A limitation of the results presented in this paper is the small number of validation spectra used in our analysis, as the 251 IAEA spectra do not encompass all possible types of neutron energy spectra found in the real-world. Although the general techniques outlined in this paper may be applied to the feature engineering stage of any future work on neural network based unfolding, the relative performance of each algorithm will depend upon the energy ranges of interest and the spectra types to be unfolded.
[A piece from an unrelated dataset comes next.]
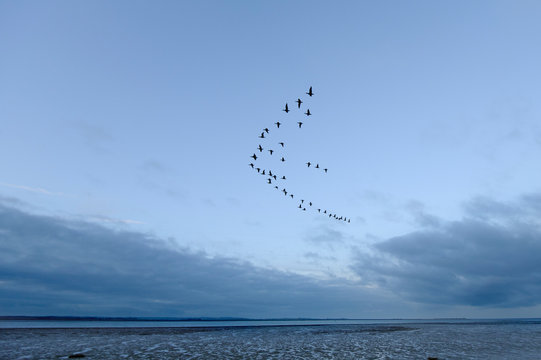 Flock of dark bellied brent geese flying against cloudy sky

Future work could improve the generalizability of networks trained on
FRUIT spectra by constructing more theoretical models for a wider range of spectra types and by performing further analysis on how to optimally select parameters for each model. Future work could also investigate other metrics of unfolding performance which address the problems with MSE discussed in this paper. For example, to optimize for dosage prediction accuracy, the percent error in predicted ambient dose equivalent could be embedded into the loss function used for training or the objective function used for feature parameter tuning (
Section 2.3).
All code and relevant analysis have been made publicly available. Our hope for this work is that any project investigating neural network based neutron spectrum unfolding, regardless of the neural network architecture or kind of detector used, will be able to insert similar algorithms into the training data generation step in order to achieve optimal unfolding performance on the problem under investigation.